» **HOW TO COMPLETE THIS TASK**
A faithful repeat of all the records, with no image kept, is the required answer.

== ENTRIES PROVIDED

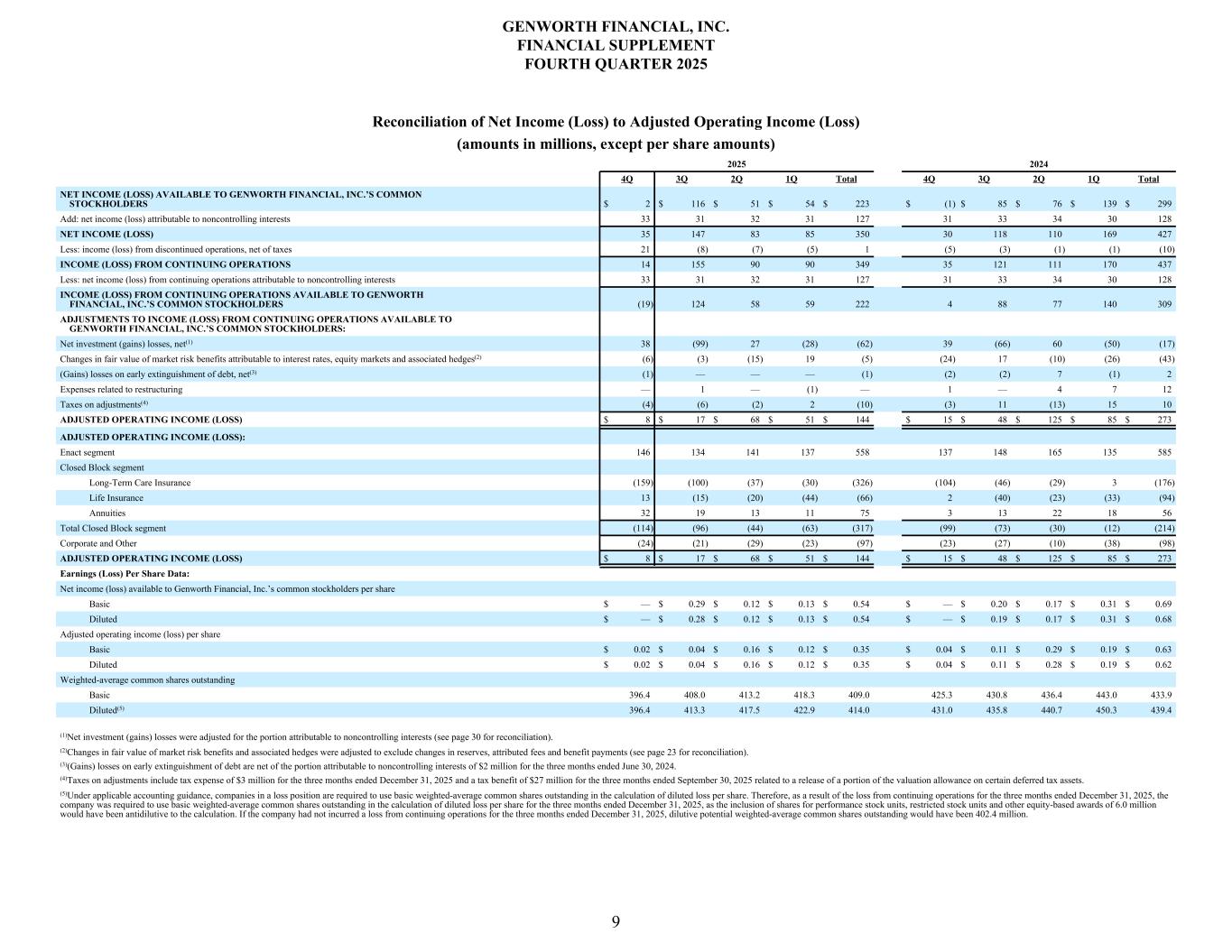 Reconciliation of Net Income (Loss) to Adjusted Operating Income (Loss) (amounts in millions, except per share amounts) 2025 2024 4Q 3Q 2Q 1Q Total 4Q 3Q 2Q 1Q Total NET INCOME (LOSS) AVAILABLE TO GENWORTH FINANCIAL, INC.’S COMMON STOCKHOLDERS $ 2 $ 116 $ 51 $ 54 $ 223 $ (1) $ 85 $ 76 $ 139 $ 299 Add: net income (loss) attributable to noncontrolling interests 33 31 32 31 127 31 33 34 30 128 NET INCOME (LOSS) 35 147 83 85 350 30 118 110 169 427 Less: income (loss) from discontinued operations, net of taxes 21 (8) (7) (5) 1 (5) (3) (1) (1) (10) INCOME (LOSS) FROM CONTINUING OPERATIONS 14 155 90 90 349 35 121 111 170 437 Less: net income (loss) from continuing operations attributable to noncontrolling interests 33 31 32 31 127 31 33 34 30 128 INCOME (LOSS) FROM CONTINUING OPERATIONS AVAILABLE TO GENWORTH FINANCIAL, INC.’S COMMON STOCKHOLDERS (19) 124 58 59 222 4 88 77 140 309 ADJUSTMENTS TO INCOME (LOSS) FROM CONTINUING OPERATIONS AVAILABLE TO GENWORTH FINANCIAL, INC.’S COMMON STOCKHOLDERS: Net investment (gains) losses, net(1) 38 (99) 27 (28) (62) 39 (66) 60 (50) (17) Changes in fair value of market risk benefits attributable to interest rates, equity markets and associated hedges(2) (6) (3) (15) 19 (5) (24) 17 (10) (26) (43) (Gains) losses on early extinguishment of debt, net(3) (1) — — — (1) (2) (2) 7 (1) 2 Expenses related to restructuring — 1 — (1) — 1 — 4 7 12 Taxes on adjustments(4) (4) (6) (2) 2 (10) (3) 11 (13) 15 10 ADJUSTED OPERATING INCOME (LOSS) $ 8 $ 17 $ 68 $ 51 $ 144 $ 15 $ 48 $ 125 $ 85 $ 273 ADJUSTED OPERATING INCOME (LOSS): Enact segment 146 134 141 137 558 137 148 165 135 585 Closed Block segment Long-Term Care Insurance (159) (100) (37) (30) (326) (104) (46) (29) 3 (176) Life Insurance 13 (15) (20) (44) (66) 2 (40) (23) (33) (94) Annuities 32 19 13 11 75 3 13 22 18 56 Total Closed Block segment (114) (96) (44) (63) (317) (99) (73) (30) (12) (214) Corporate and Other (24) (21) (29) (23) (97) (23) (27) (10) (38) (98) ADJUSTED OPERATING INCOME (LOSS) $ 8 $ 17 $ 68 $ 51 $ 144 $ 15 $ 48 $ 125 $ 85 $ 273 Earnings (Loss) Per Share Data: Net income (loss) available to Genworth Financial, Inc.’s common stockholders per share Basic $ — $ 0.29 $ 0.12 $ 0.13 $ 0.54 $ — $ 0.20 $ 0.17 $ 0.31 $ 0.69 Diluted $ — $ 0.28 $ 0.12 $ 0.13 $ 0.54 $ — $ 0.19 $ 0.17 $ 0.31 $ 0.68 Adjusted operating income (loss) per share Basic $ 0.02 $ 0.04 $ 0.16 $ 0.12 $ 0.35 $ 0.04 $ 0.11 $ 0.29 $ 0.19 $ 0.63 Diluted $ 0.02 $ 0.04 $ 0.16 $ 0.12 $ 0.35 $ 0.04 $ 0.11 $ 0.28 $ 0.19 $ 0.62 Weighted-average common shares outstanding Basic 396.4 408.0 413.2 418.3 409.0 425.3 430.8 436.4 443.0 433.9 Diluted(5) 396.4 413.3 417.5 422.9 414.0 431.0 435.8 440.7 450.3 439.4 (1)Net investment (gains) losses were adjusted for the portion attributable to noncontrolling interests (see page 30 for reconciliation). (2)Changes in fair value of market risk benefits and associated hedges were adjusted to exclude changes in reserves, attributed fees and benefit payments (see page 23 for reconciliation). (3)(Gains) losses on early extinguishment of debt are net of the portion attributable to noncontrolling interests of $2 million for the three months ended June 30, 2024. (4)Taxes on adjustments include tax expense of $3 million for the three months ended December 31, 2025 and a tax benefit of $27 million for the three months ended September 30, 2025 related to a release of a portion of the valuation allowance on certain deferred tax assets. (5)Under applicable accounting guidance, companies in a loss position are required to use basic weighted-average common shares outstanding in the calculation of diluted loss per share. Therefore, as a result of the loss from continuing operations for the three months ended December 31, 2025, the company was required to use basic weighted-average common shares outstanding in the calculation of diluted loss per share for the three months ended December 31, 2025, as the inclusion of shares for performance stock units, restricted stock units and other equity-based awards of 6.0 million would have been antidilutive to the calculation. If the company had not incurred a loss from continuing operations for the three months ended December 31, 2025, dilutive potential weighted-average common shares outstanding would have been 402.4 million. GENWORTH FINANCIAL, INC. FINANCIAL SUPPLEMENT FOURTH QUARTER 2025 9
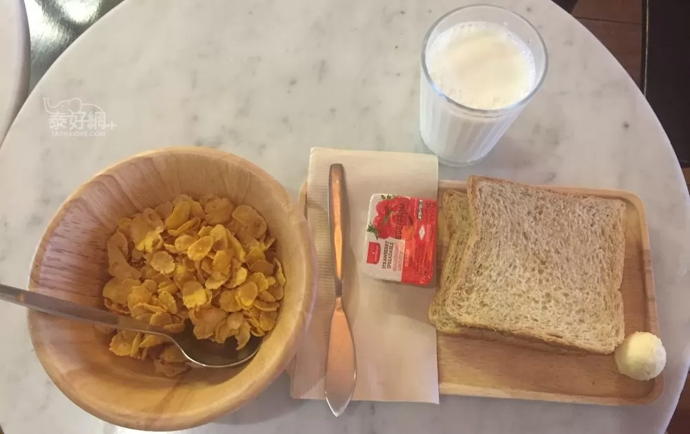早餐很簡單,1杯新鮮牛奶、1碗西式麥片、兩片吐司附奶油和草莓醬,足以吃飽、吃得營養,如果要點咖啡則需另外付費。
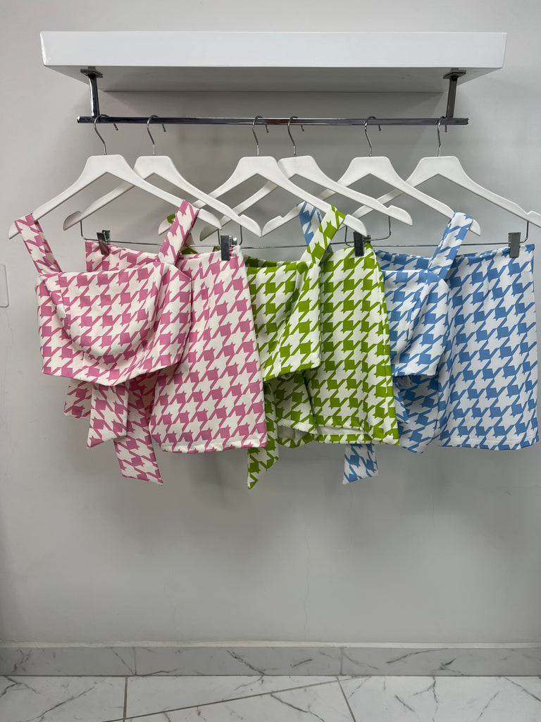 Nuestro croptop Praga presenta un estampado de houndstooth o pata de gallo, con escote recto y tirantes gruesos. Las pinzas delanteras resaltan la figura, mientras que la espalda cuenta con dos tirantes gruesos para un nudo elegante y un ajuste ajustable.
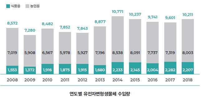 식용 GMO 수입은 지난 2014년 208만8000톤을 기록한 이래, 계속 200만톤을 상회하며 꾸준히 수입이 늘고 있는 추세다.
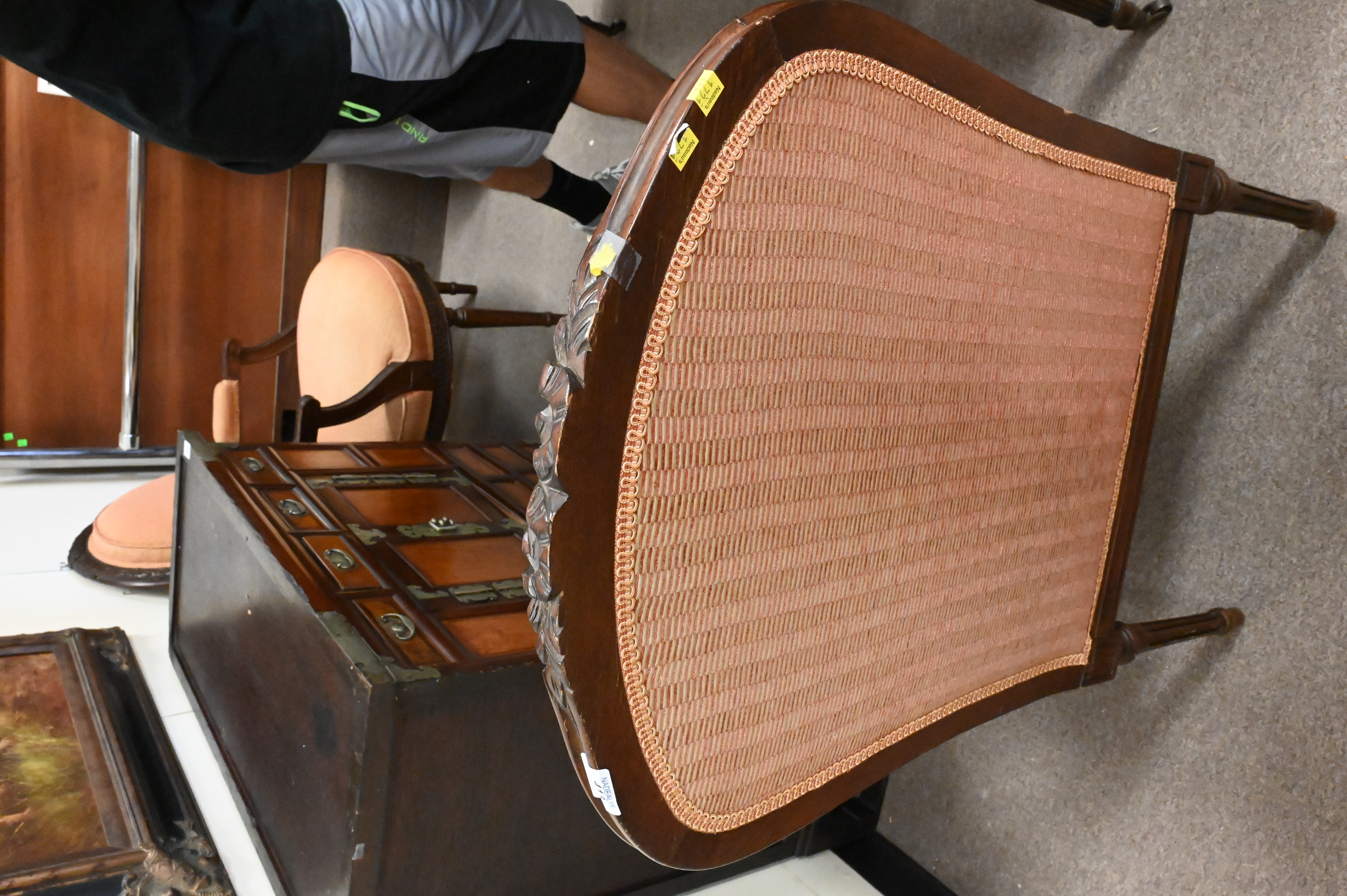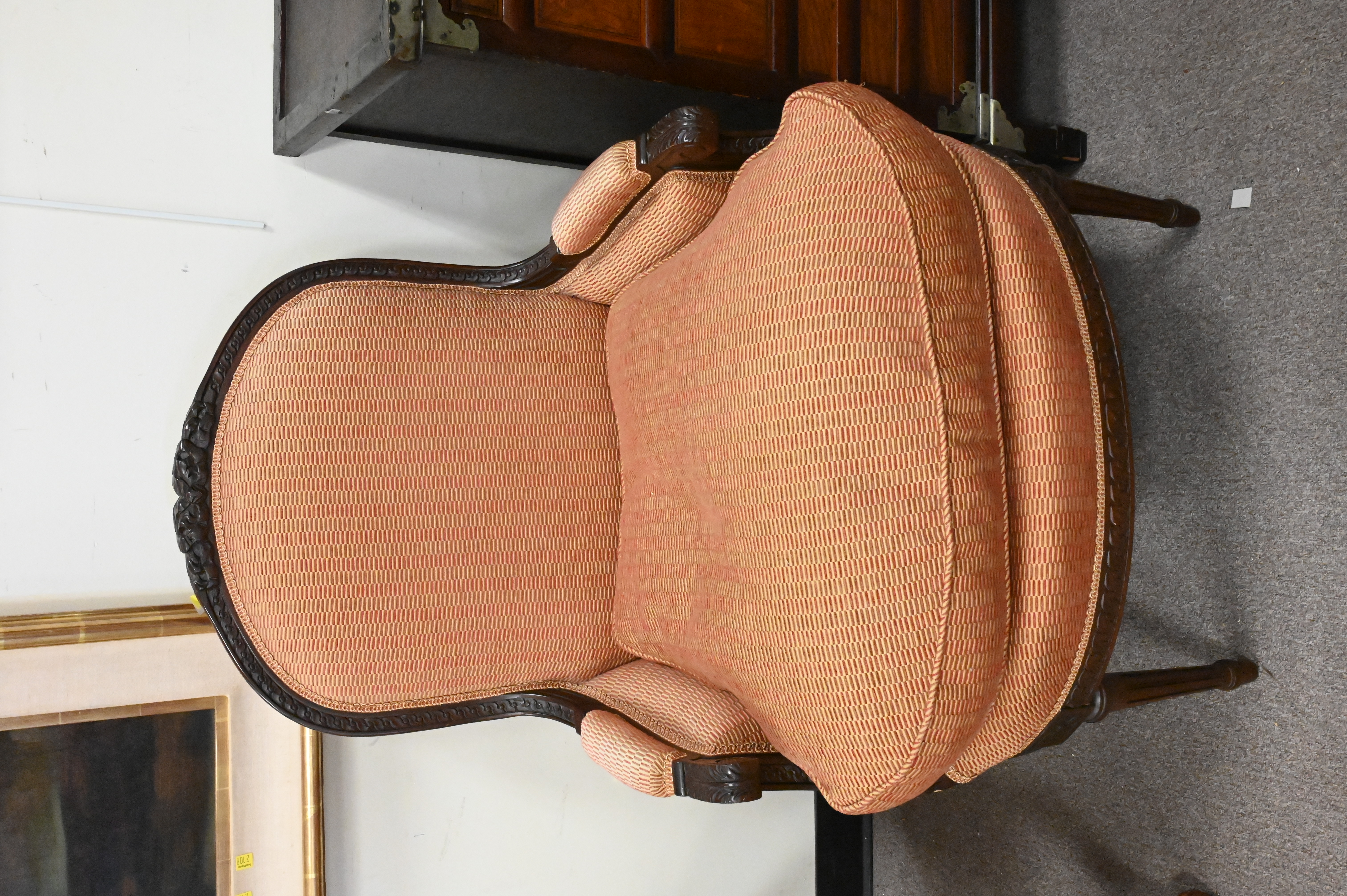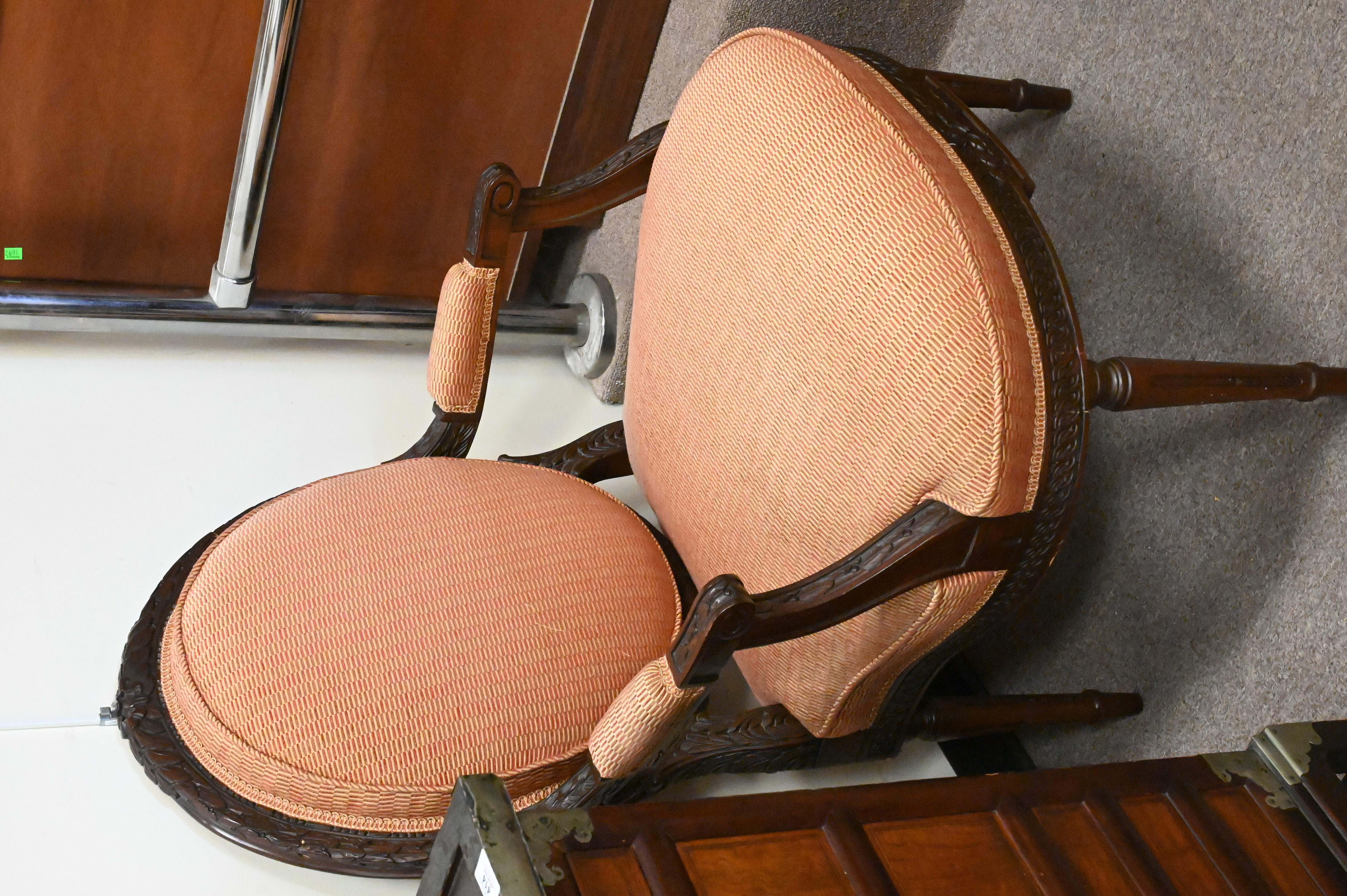 Pair of Louis XVI Style Armchairs Ladies and Gentleman’s, with custom Tiger Lily’s Upholstery, height 41 inches, width 28 inches.

====

» **SOLVED EXERCISE**
 Reconciliation of Net Income (Loss) to Adjusted Operating Income (Loss) (amounts in millions, except per share amounts) 2025 2024 4Q 3Q 2Q 1Q Total 4Q 3Q 2Q 1Q Total NET INCOME (LOSS) AVAILABLE TO GENWORTH FINANCIAL, INC.’S COMMON STOCKHOLDERS $ 2 $ 116 $ 51 $ 54 $ 223 $ (1) $ 85 $ 76 $ 139 $ 299 Add: net income (loss) attributable to noncontrolling interests 33 31 32 31 127 31 33 34 30 128 NET INCOME (LOSS) 35 147 83 85 350 30 118 110 169 427 Less: income (loss) from discontinued operations, net of taxes 21 (8) (7) (5) 1 (5) (3) (1) (1) (10) INCOME (LOSS) FROM CONTINUING OPERATIONS 14 155 90 90 349 35 121 111 170 437 Less: net income (loss) from continuing operations attributable to noncontrolling interests 33 31 32 31 127 31 33 34 30 128 INCOME (LOSS) FROM CONTINUING OPERATIONS AVAILABLE TO GENWORTH FINANCIAL, INC.’S COMMON STOCKHOLDERS (19) 124 58 59 222 4 88 77 140 309 ADJUSTMENTS TO INCOME (LOSS) FROM CONTINUING OPERATIONS AVAILABLE TO GENWORTH FINANCIAL, INC.’S COMMON STOCKHOLDERS: Net investment (gains) losses, net(1) 38 (99) 27 (28) (62) 39 (66) 60 (50) (17) Changes in fair value of market risk benefits attributable to interest rates, equity markets and associated hedges(2) (6) (3) (15) 19 (5) (24) 17 (10) (26) (43) (Gains) losses on early extinguishment of debt, net(3) (1) — — — (1) (2) (2) 7 (1) 2 Expenses related to restructuring — 1 — (1) — 1 — 4 7 12 Taxes on adjustments(4) (4) (6) (2) 2 (10) (3) 11 (13) 15 10 ADJUSTED OPERATING INCOME (LOSS) $ 8 $ 17 $ 68 $ 51 $ 144 $ 15 $ 48 $ 125 $ 85 $ 273 ADJUSTED OPERATING INCOME (LOSS): Enact segment 146 134 141 137 558 137 148 165 135 585 Closed Block segment Long-Term Care Insurance (159) (100) (37) (30) (326) (104) (46) (29) 3 (176) Life Insurance 13 (15) (20) (44) (66) 2 (40) (23) (33) (94) Annuities 32 19 13 11 75 3 13 22 18 56 Total Closed Block segment (114) (96) (44) (63) (317) (99) (73) (30) (12) (214) Corporate and Other (24) (21) (29) (23) (97) (23) (27) (10) (38) (98) ADJUSTED OPERATING INCOME (LOSS) $ 8 $ 17 $ 68 $ 51 $ 144 $ 15 $ 48 $ 125 $ 85 $ 273 Earnings (Loss) Per Share Data: Net income (loss) available to Genworth Financial, Inc.’s common stockholders per share Basic $ — $ 0.29 $ 0.12 $ 0.13 $ 0.54 $ — $ 0.20 $ 0.17 $ 0.31 $ 0.69 Diluted $ — $ 0.28 $ 0.12 $ 0.13 $ 0.54 $ — $ 0.19 $ 0.17 $ 0.31 $ 0.68 Adjusted operating income (loss) per share Basic $ 0.02 $ 0.04 $ 0.16 $ 0.12 $ 0.35 $ 0.04 $ 0.11 $ 0.29 $ 0.19 $ 0.63 Diluted $ 0.02 $ 0.04 $ 0.16 $ 0.12 $ 0.35 $ 0.04 $ 0.11 $ 0.28 $ 0.19 $ 0.62 Weighted-average common shares outstanding Basic 396.4 408.0 413.2 418.3 409.0 425.3 430.8 436.4 443.0 433.9 Diluted(5) 396.4 413.3 417.5 422.9 414.0 431.0 435.8 440.7 450.3 439.4 (1)Net investment (gains) losses were adjusted for the portion attributable to noncontrolling interests (see page 30 for reconciliation). (2)Changes in fair value of market risk benefits and associated hedges were adjusted to exclude changes in reserves, attributed fees and benefit payments (see page 23 for reconciliation). (3)(Gains) losses on early extinguishment of debt are net of the portion attributable to noncontrolling interests of $2 million for the three months ended June 30, 2024. (4)Taxes on adjustments include tax expense of $3 million for the three months ended December 31, 2025 and a tax benefit of $27 million for the three months ended September 30, 2025 related to a release of a portion of the valuation allowance on certain deferred tax assets. (5)Under applicable accounting guidance, companies in a loss position are required to use basic weighted-average common shares outstanding in the calculation of diluted loss per share. Therefore, as a result of the loss from continuing operations for the three months ended December 31, 2025, the company was required to use basic weighted-average common shares outstanding in the calculation of diluted loss per share for the three months ended December 31, 2025, as the inclusion of shares for performance stock units, restricted stock units and other equity-based awards of 6.0 million would have been antidilutive to the calculation. If the company had not incurred a loss from continuing operations for the three months ended December 31, 2025, dilutive potential weighted-average common shares outstanding would have been 402.4 million. GENWORTH FINANCIAL, INC. FINANCIAL SUPPLEMENT FOURTH QUARTER 2025 9
早餐很簡單,1杯新鮮牛奶、1碗西式麥片、兩片吐司附奶油和草莓醬,足以吃飽、吃得營養,如果要點咖啡則需另外付費。
 Nuestro croptop Praga presenta un estampado de houndstooth o pata de gallo, con escote recto y tirantes gruesos. Las pinzas delanteras resaltan la figura, mientras que la espalda cuenta con dos tirantes gruesos para un nudo elegante y un ajuste ajustable.
 식용 GMO 수입은 지난 2014년 208만8000톤을 기록한 이래, 계속 200만톤을 상회하며 꾸준히 수입이 늘고 있는 추세다.
 Pair of Louis XVI Style Armchairs Ladies and Gentleman’s, with custom Tiger Lily’s Upholstery, height 41 inches, width 28 inches.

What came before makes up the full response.